History of Wolves is the story of a lonely teenager, living in a remote part of Northern Minnesota. It’s all forests and lakes. Linda, lives with her parents in a cabin, the leftovers from a hippy commune that broke up while Linda was much younger. Her parents don’t interact with her much and she’s left to her own devices for the majority of the time. She ranges freely though the woods and kayaks around the lakes when she feels like it.
Linda is an outsider at school. She becomes the interest of her, repulsively described, new history teacher, Mr Grierson – he encourages her to enter a history competition, and here she completes a piece of work called the History of Wolves. She becomes interested in trying to interest him, and grooming of various types is a theme throughout the book. He rejects her advances, but soon has to move away over a scandal involving another student, and he spends some time in jail for sex offences. Linda continues to be interested in Mr Grierson, and she follows his movements via a website tracking sex offenders. Linda seems to be disturbed by his rejection of her.

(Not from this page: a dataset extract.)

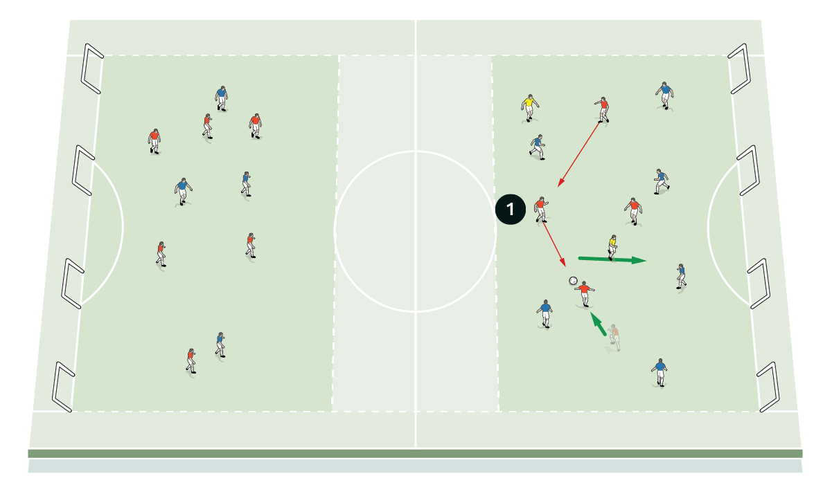 This session is about the creation of transition both in and out of possession for individuals, units and both teams.

Linda notices a family moving into a cabin across the lake, and she becomes a babysitter for their four year old son, Paul. His mother, Patra, is often alone with Paul as his father is an astrophysicist often away working in Hawaii.

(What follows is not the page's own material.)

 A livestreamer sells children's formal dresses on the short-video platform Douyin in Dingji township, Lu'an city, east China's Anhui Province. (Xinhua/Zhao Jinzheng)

During the first half of the novel there are a few hints that not everything is quite right in the cabin across the lake. There is mention of a trial, and Paul says something strange about God…
At the trial they kept asking, when did you know for sure there was something wrong? And the answer probably was: right away. But that feeling faded as I got to know him.
Linda is telling the story in History of Wolves from later in her life, when she is 30. We find out a bit about how her life has turned out. The effects her mentally absent parents have had on her. How the events of the novel have affected her. As well as being about how people can be influenced, and grooming, it’s about responsibility. It’s clear that an adult grooming a child is completely wrong, but what about when an older man seems to influence a younger woman, even if she is an adult? If a child knows about something going on that they feel uncomfortable about, how responsible are they for it? what if they are 15? It’s also about religion, and belief.
It’s not what you think but what you do that matters.
I really liked History of Wolves. It is shocking, and horrifying, and really makes me wonder about Emily Fridlund’s experiences that led her write to this book! I think it was a very deserving Man Booker Prize shortlisted book. I’m going to be thinking about it for a long time. I’m very deliberately not giving away any spoilers in my review, but come back to me when you’ve read it so we can talk about it properly, ok? and just in case you didn’t realise from the rest of the review, you won’t find out anything about wolves from this book!
P.S. I was provided with a copy of this book by NetGalley in exchange for an honest review. Thanks NetGalley!